A recent cohort study investigated the association between HRT use and obesity on OC risk [166]. Among HRT nonusers, weight gain, waist circumference, and waist-to-hip ratio but not BMI increased the risk of OC [166]. HRT use of more than 5 years increased OC risk, but risk was not further increased for women who were overweight and used HRT. For example, while substantial weight gain (greater than 40 lbs) and HRT use of more than 5 years individually increased the risk of OC, the joint effect did not further increase the risk, which may imply a threshold effect [166]. Some studies have pointed to an increased risk only for certain histologic subtypes of OC. For example, the Nurses’ Health Study cohort observed that the association with ET was slightly stronger for endometrioid tumors, which is consistent with other studies [17, 148, 167]. A link between ET and the development of endometrioid ovarian tumors is biologically plausible because endometrioid tumors are histologically similar to endometrial tissue [168], and ET use increases the risk of endometrial cancer [146]. However, although risks associated with HRT use varied significantly according to tumor histology (p < 0.0001) in the UK Million Women Study [153], the relative risk for current versus never users of HRT was greater for serous than for mucinous, endometrioid, or clear cell tumors (1.53 (1.31–1.79), 0.72 (0.52–1.00), 1.05 (0.77–1.43), or 0.77 (0.48–1.23), respectively).

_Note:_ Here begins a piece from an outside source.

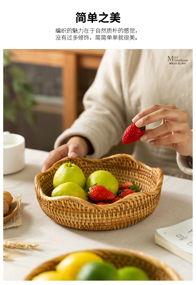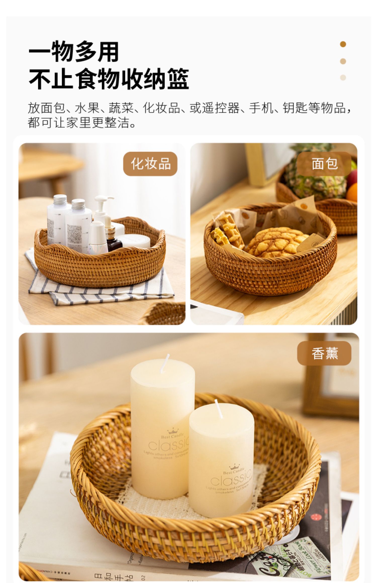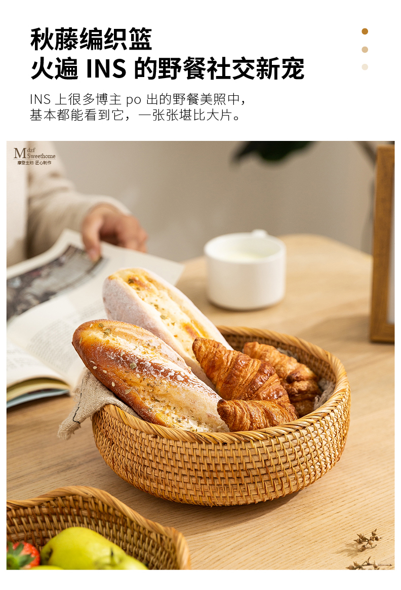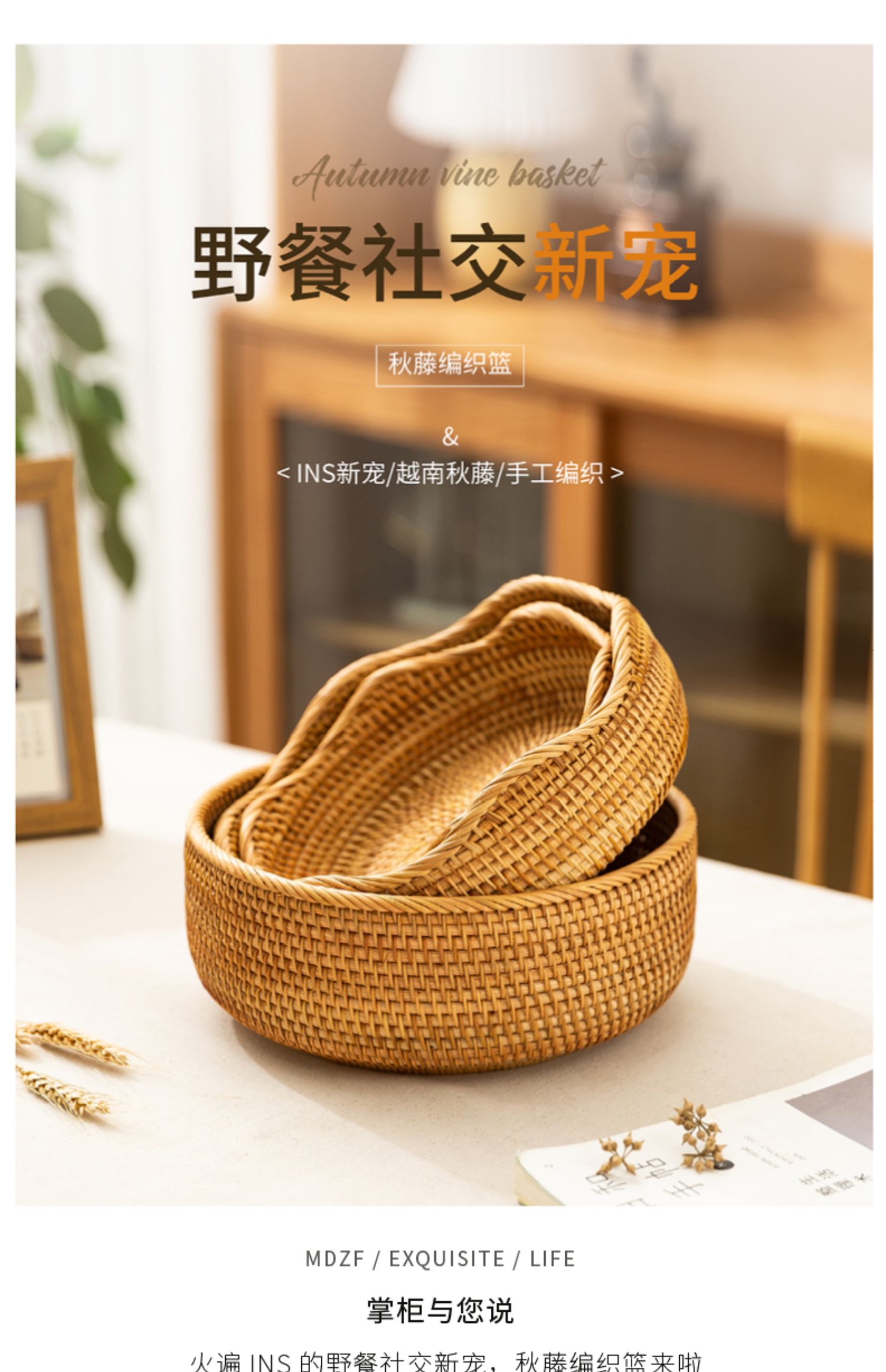 摩登主妇收纳篮藤编收纳筐编织馒头筐馍筐家用蒜姜收纳零食框篮子

It can be concluded from the available evidence that if an association exists between HRT use and OC, the magnitude is probably moderate, but women should be counseled about the potential increase in risk with long-term use of unopposed estrogen. Evidence suggests that the OC risk with ET alone is higher than the risk associated with EPT. Since many women are exposed to HRT several years before the peak age-specific incidence of OC, even a small change in risk may have a significant impact on disease rates at the population level.